====== Recorded data

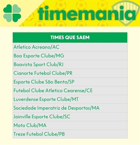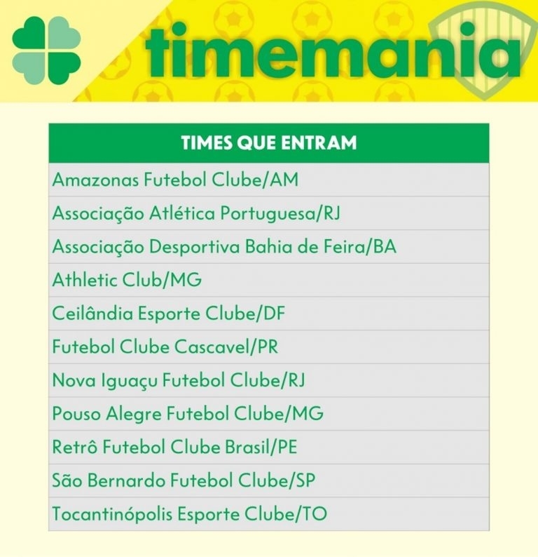 Os novos volantes já estão disponíveis para aposta nas lotéricas de todo o país. A mudança vale a partir do concurso 2088, com sorteio previsto para este sábado, 4 de maio. Os demais times seguem inalterados.
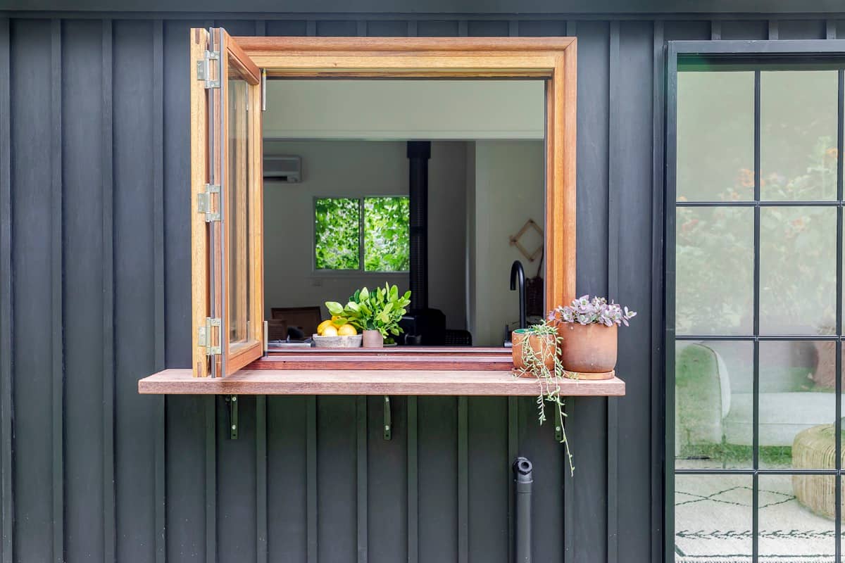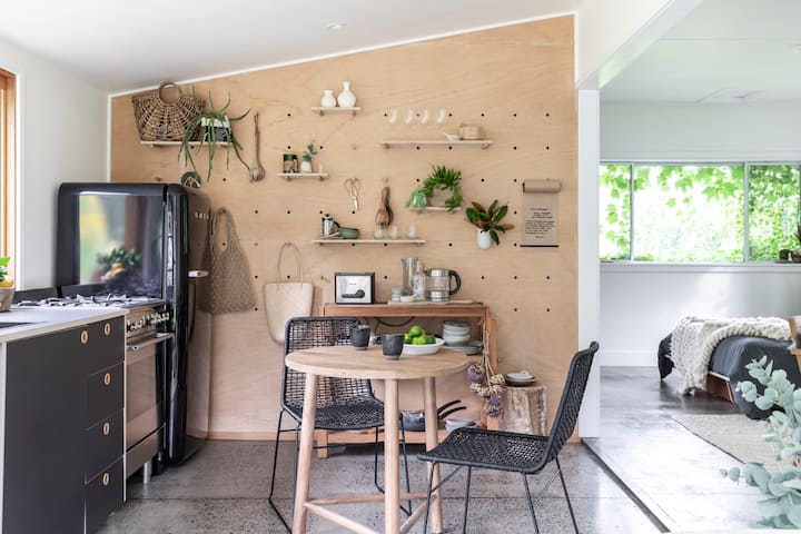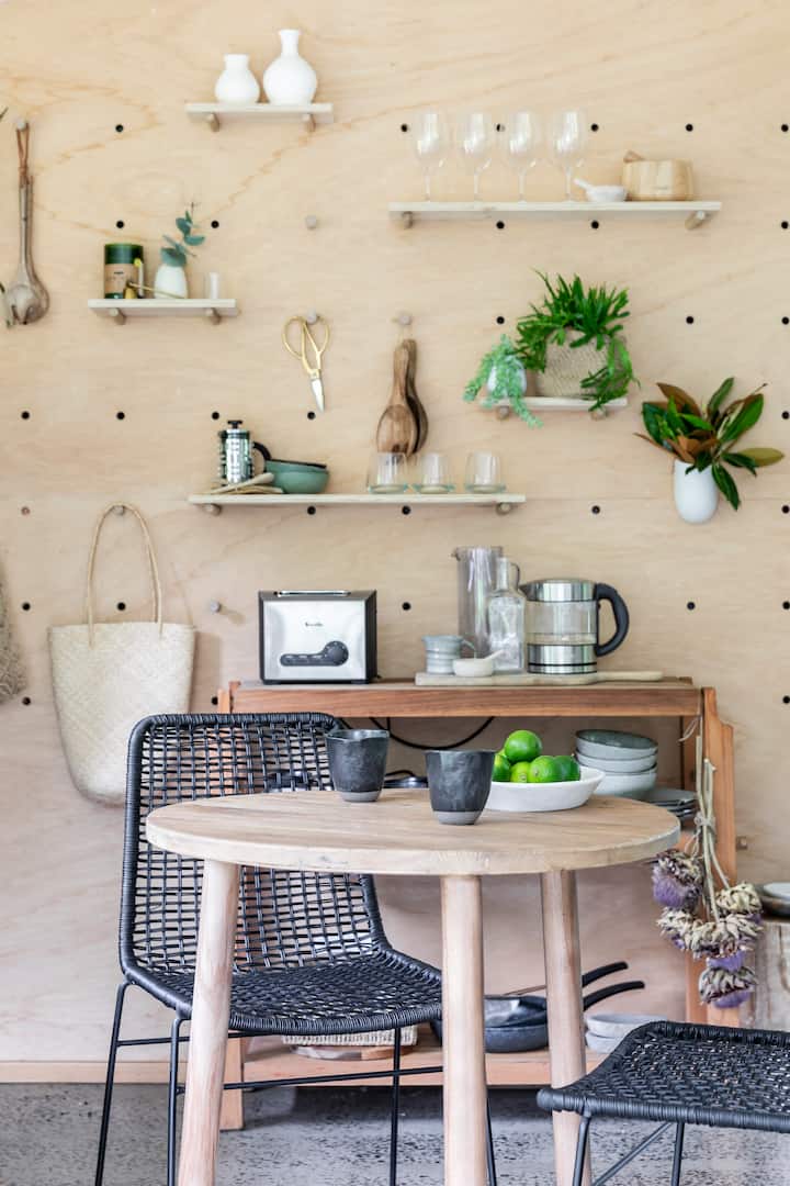 มุมของห้องครัวจะมีการตกแต่งอย่างพิเศษ เพราะนอกจากส่วนของเคาน์เตอร์ครัวแล้ว ที่ผนังยังเป็นแบบไม้อัดที่สามารถปรับและติดตั้งแผ่นไม้ให้เป็นชั้นวางได้หลายรูปแบบ
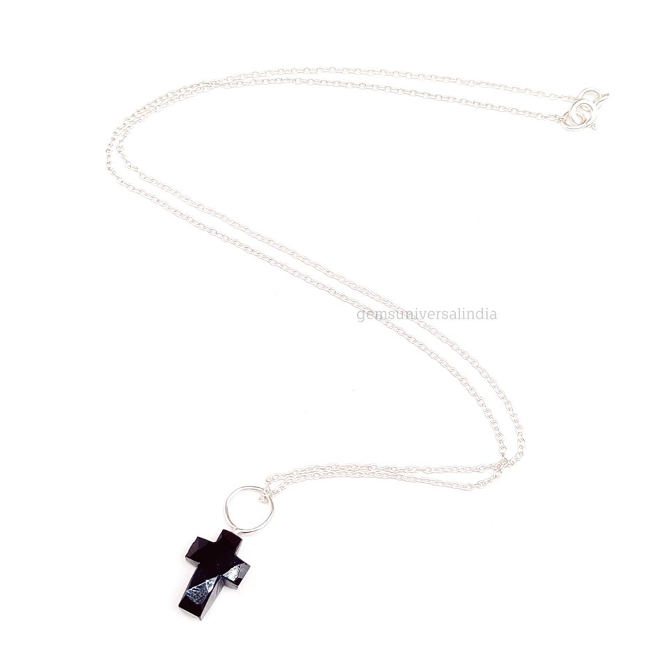 Product name:Black Onyx Gemstone Cross Shape 925 Sterling Silver Necklace
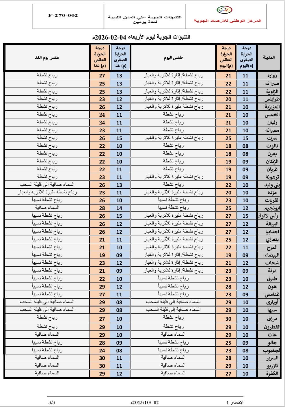 حالة السماء: صافية إلى قليلة السحب تتكاثر مساءً مع احتمال سقوط أمطار خفيفة.
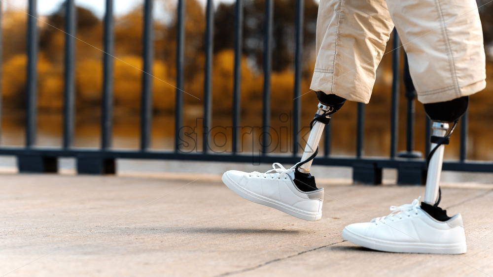 View of a walking man with prosthetic legs and white sneakers. Fallen yellow leaves on the ground
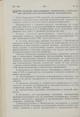 Постановление Совета Министров СССР. Об улучшении проектирования, строительства и эксплуатации объектов сельскохозяйственного водоснабжения. 11 сентября 1969 г. № 744
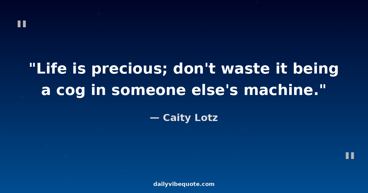 "Life is precious; don't waste it being a cog in someone else's machine."
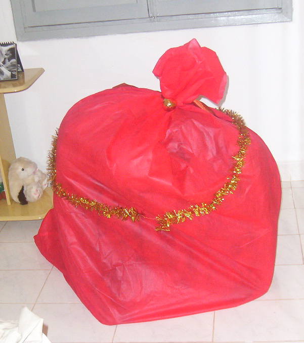 Se “auto presentear” embalada num saco do “Papai Noel” gigante para fazer surpresa para filha que estava a quase 1.000 km de distância de casa.
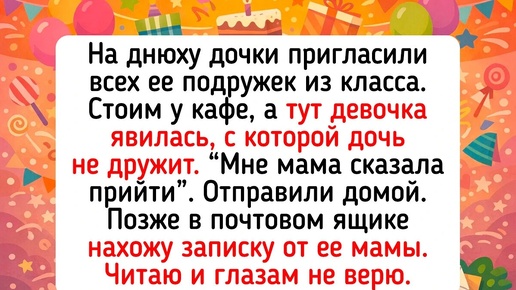 В эпоху мессенджеров обычная бумажная записка стала настоящим реликтом прошлого, но тем интереснее ее получить. Сегодня в программе — официантка, предостерегшая девушку от коварного кавалера, преподаватель с необыкновенным чувством юмора и милая записка от пятилетки, которая спасла маму от аврала на работе. На днюху дочки пригласили всех ее подружек из класса. Стоим у кафе, а тут девочка явилась, с которой дочь не дружит. «Мне мама сказала прийти». Отправили домой. Позже в почтовом ящике нахожу записку от ее мамы...
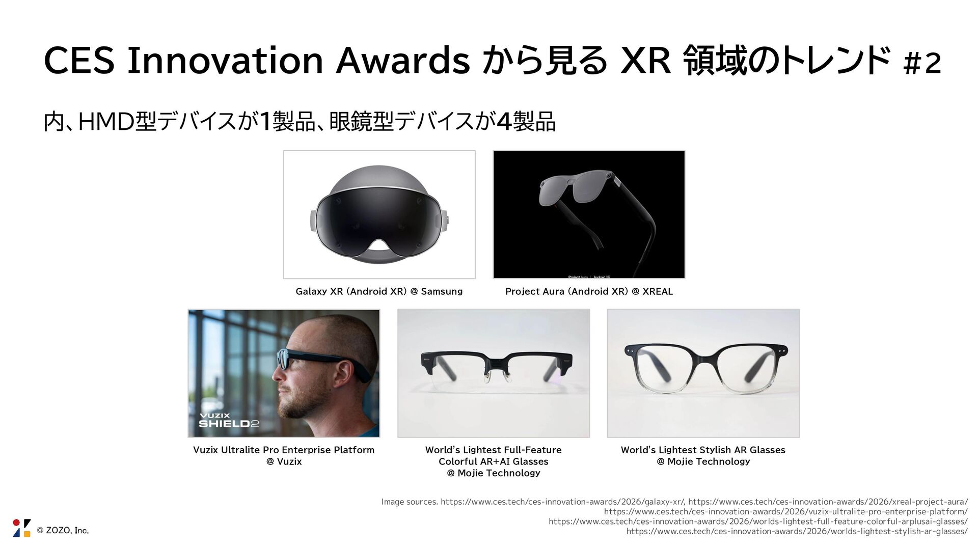 内、HMD型デバイスが1製品、眼鏡型デバイスが4製品 Galaxy XR (Android XR) @ Samsung Project Aura (Android XR) @ XREAL Vuzix Ultralite Pro Enterprise Platform @ Vuzix World's Lightest Full-Feature Colorful AR+AI Glasses @ Mojie Technology World's Lightest Stylish AR Glasses @ Mojie Technology Image sources. https://www.ces.tech/ces-innovation-awards/2026/galaxy-xr/, https://www.ces.tech/ces-innovation-awards/2026/xreal-project-aura/ https://www.ces.tech/ces-innovation-awards/2026/vuzix-ultralite-pro-enterprise-platform/ https://www.ces.tech/ces-innovation-awards/2026/worlds-lightest-full-feature-colorful-arplusai-glasses/ https://www.ces.tech/ces-innovation-awards/2026/worlds-lightest-stylish-ar-glasses/
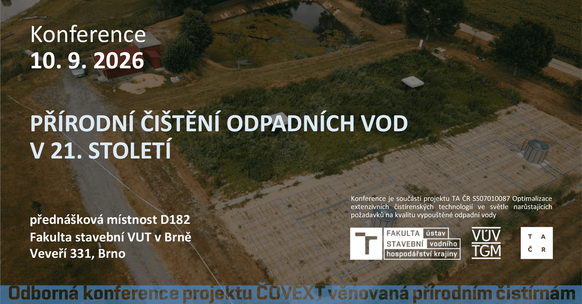 Ústav vodního hospodářství krajiny ve spolupráci s VÚV TGM, v. v. i. Vás zvou na odborné setkání zaměřené na moderní trendy v oblasti extenzivních technologií čištění odpadních vod. Konference se koná 10. září 2026 v Brně a slouží k výměně nejnovějších vědeckých poznatků i jejich diskuzi s odbornou i laickou veřejností.

============

In the answer, set down only the lines from the opening line of the listing through the line that holds "内、HMD型デバイスが1製品、眼鏡型デバイスが4製品 Galaxy XR", exactly as they appear, minus the pictures.

 Os novos volantes já estão disponíveis para aposta nas lotéricas de todo o país. A mudança vale a partir do concurso 2088, com sorteio previsto para este sábado, 4 de maio. Os demais times seguem inalterados.
 มุมของห้องครัวจะมีการตกแต่งอย่างพิเศษ เพราะนอกจากส่วนของเคาน์เตอร์ครัวแล้ว ที่ผนังยังเป็นแบบไม้อัดที่สามารถปรับและติดตั้งแผ่นไม้ให้เป็นชั้นวางได้หลายรูปแบบ
 Product name:Black Onyx Gemstone Cross Shape 925 Sterling Silver Necklace
 حالة السماء: صافية إلى قليلة السحب تتكاثر مساءً مع احتمال سقوط أمطار خفيفة.
 View of a walking man with prosthetic legs and white sneakers. Fallen yellow leaves on the ground
 Постановление Совета Министров СССР. Об улучшении проектирования, строительства и эксплуатации объектов сельскохозяйственного водоснабжения. 11 сентября 1969 г. № 744
 "Life is precious; don't waste it being a cog in someone else's machine."
 Se “auto presentear” embalada num saco do “Papai Noel” gigante para fazer surpresa para filha que estava a quase 1.000 km de distância de casa.
 В эпоху мессенджеров обычная бумажная записка стала настоящим реликтом прошлого, но тем интереснее ее получить. Сегодня в программе — официантка, предостерегшая девушку от коварного кавалера, преподаватель с необыкновенным чувством юмора и милая записка от пятилетки, которая спасла маму от аврала на работе. На днюху дочки пригласили всех ее подружек из класса. Стоим у кафе, а тут девочка явилась, с которой дочь не дружит. «Мне мама сказала прийти». Отправили домой. Позже в почтовом ящике нахожу записку от ее мамы...
 内、HMD型デバイスが1製品、眼鏡型デバイスが4製品 Galaxy XR (Android XR) @ Samsung Project Aura (Android XR) @ XREAL Vuzix Ultralite Pro Enterprise Platform @ Vuzix World's Lightest Full-Feature Colorful AR+AI Glasses @ Mojie Technology World's Lightest Stylish AR Glasses @ Mojie Technology Image sources. https://www.ces.tech/ces-innovation-awards/2026/galaxy-xr/, https://www.ces.tech/ces-innovation-awards/2026/xreal-project-aura/ https://www.ces.tech/ces-innovation-awards/2026/vuzix-ultralite-pro-enterprise-platform/ https://www.ces.tech/ces-innovation-awards/2026/worlds-lightest-full-feature-colorful-arplusai-glasses/ https://www.ces.tech/ces-innovation-awards/2026/worlds-lightest-stylish-ar-glasses/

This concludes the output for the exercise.